Benchmarking Best Practices: Comparing ourselves to others for Insights

Think of all of the initiatives you have underway today—improving efficiencies, increasing agility, shifting to digital, improving leadership development, and so on. When we benchmark, we choose one of these practices of interest and compare ourselves to other companies to find “best practices.” For example, we can benchmark the leaders in our organization to leaders in other companies.
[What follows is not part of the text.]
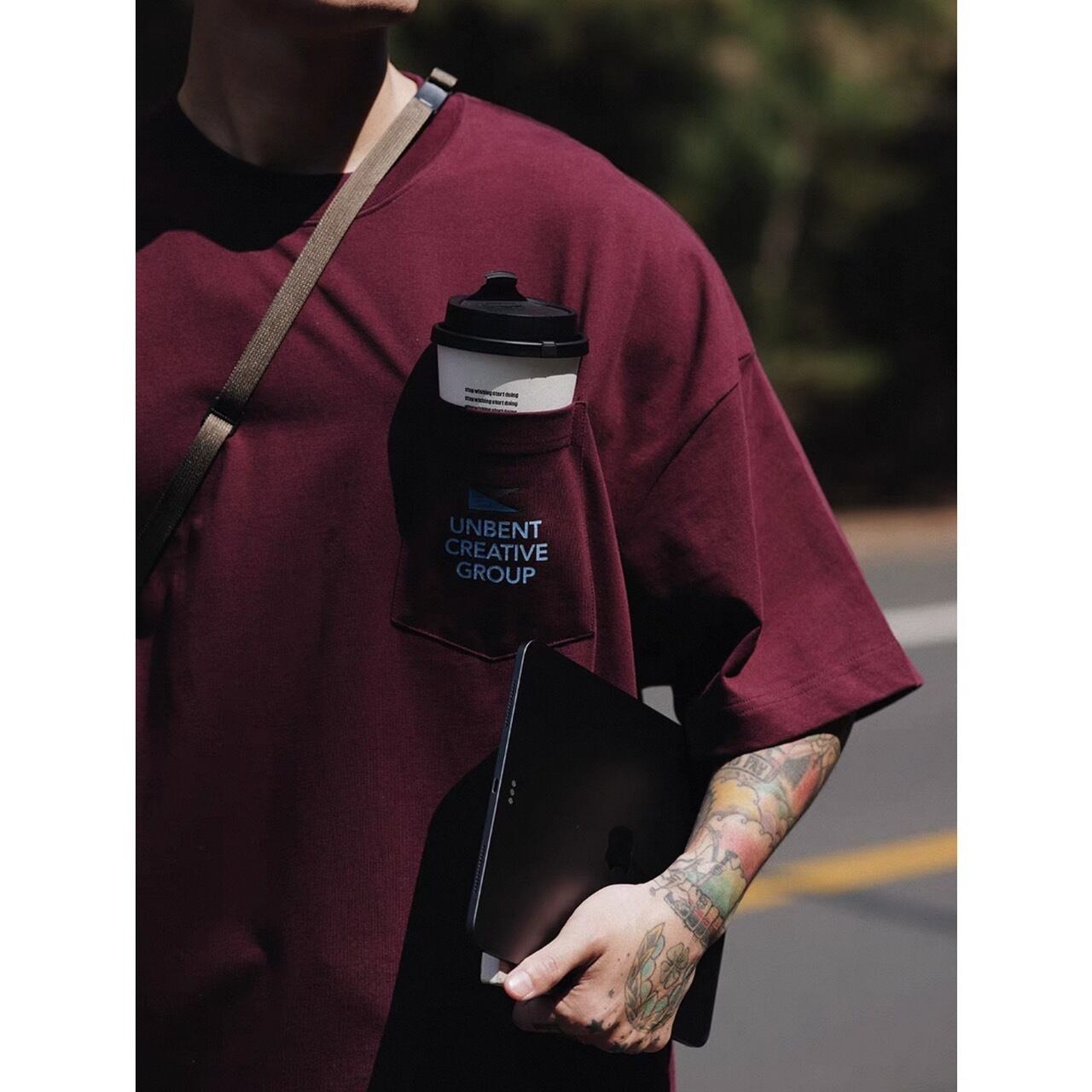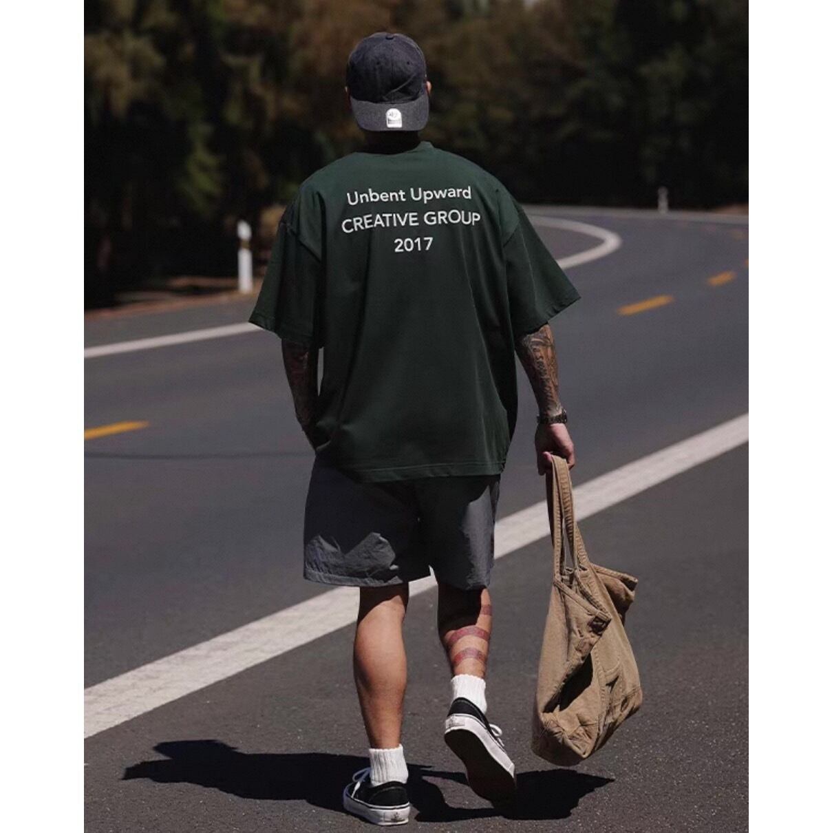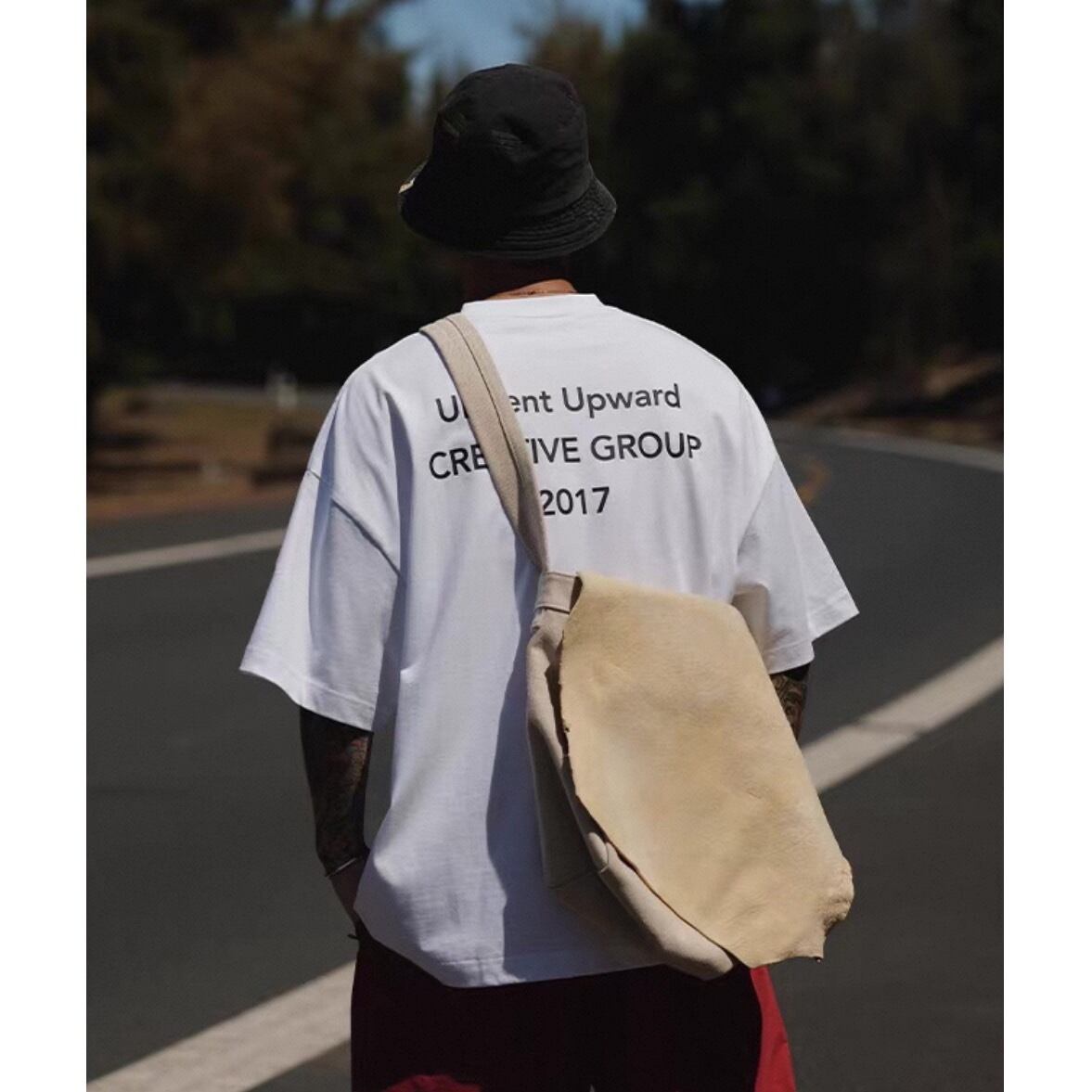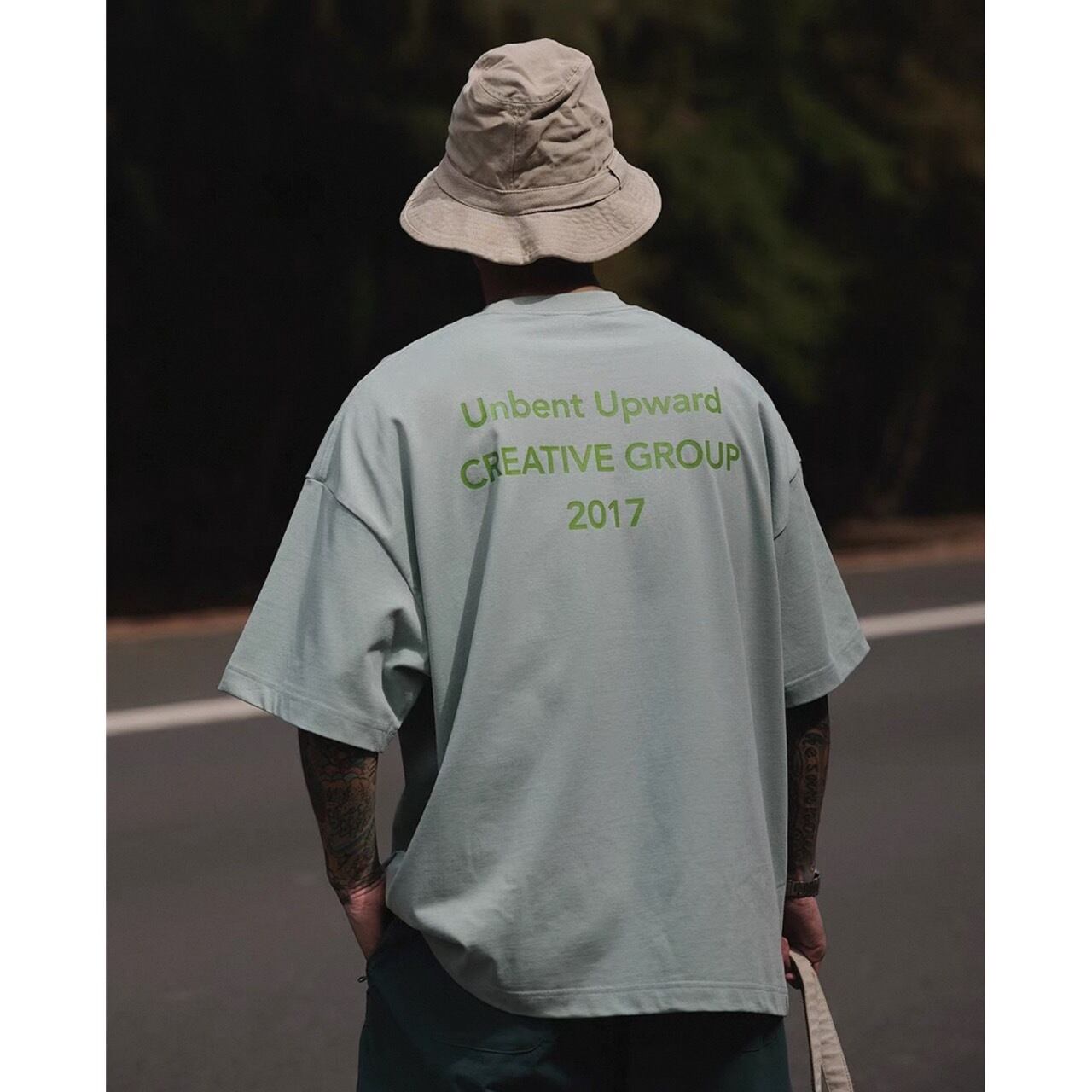 メッセージ性を感じさせるバックロゴが目を引くTシャツ。

At RBL, we have conducted leadership audits for the last twenty years and provided benchmark data to our clients, see example:

Benchmark ABC Organization Leadership Scores to RBL Global Norms
Leadership Capability A
How well we do it?
(1 low to 10 high)
B
Global Norms
(percentile)
1.
Clarify business case for leadership: We have a clear business rationale for why leadership matters for business success.
6 55%
2.
Define what effective leaders know and do: We have a definitive leadership competency model that defines the knowledge, skills, and behaviors of leaders that will deliver strategy (leadership profile, standards, expectations).
4 30%
3.
Assess leaders: We have a rigorous assessment of the quality of individual leaders and of our overall leadership group (leadership pipeline).
8 90%
4.
Invest in leaders: We appropriately invest in ways to develop leaders throughout the organization through training, development experiences, non-work experiences, coaching, and so forth (individual development plan, leadership academy, career development).
5 40%
5.
Measure impact of leaders: We make sure we measure the impact of leaders’ personal competencies and leadership organization investments on key outcomes that matter to monitor leadership impact (Moneyball).
4 60%
6.
Ensure reputation: We make sure that leadership reputation shows up with internal (employee) and external (customer, investor, community) stakeholders (intangibles, leadership capital index).
8 90%

The leadership audit has 6 components based on our best-selling book—Leadership Brand: 1. Business case for leadership; 2. Define what effective leaders know and do; and so on. Column A shows the average score for those filling out the survey in our organization. Column B shows how our scores compare to the global norm in each of the 6 components. Based on our benchmark data there are two options for finding insights and then taking action. Either we fix weaknesses or we build on our strengths.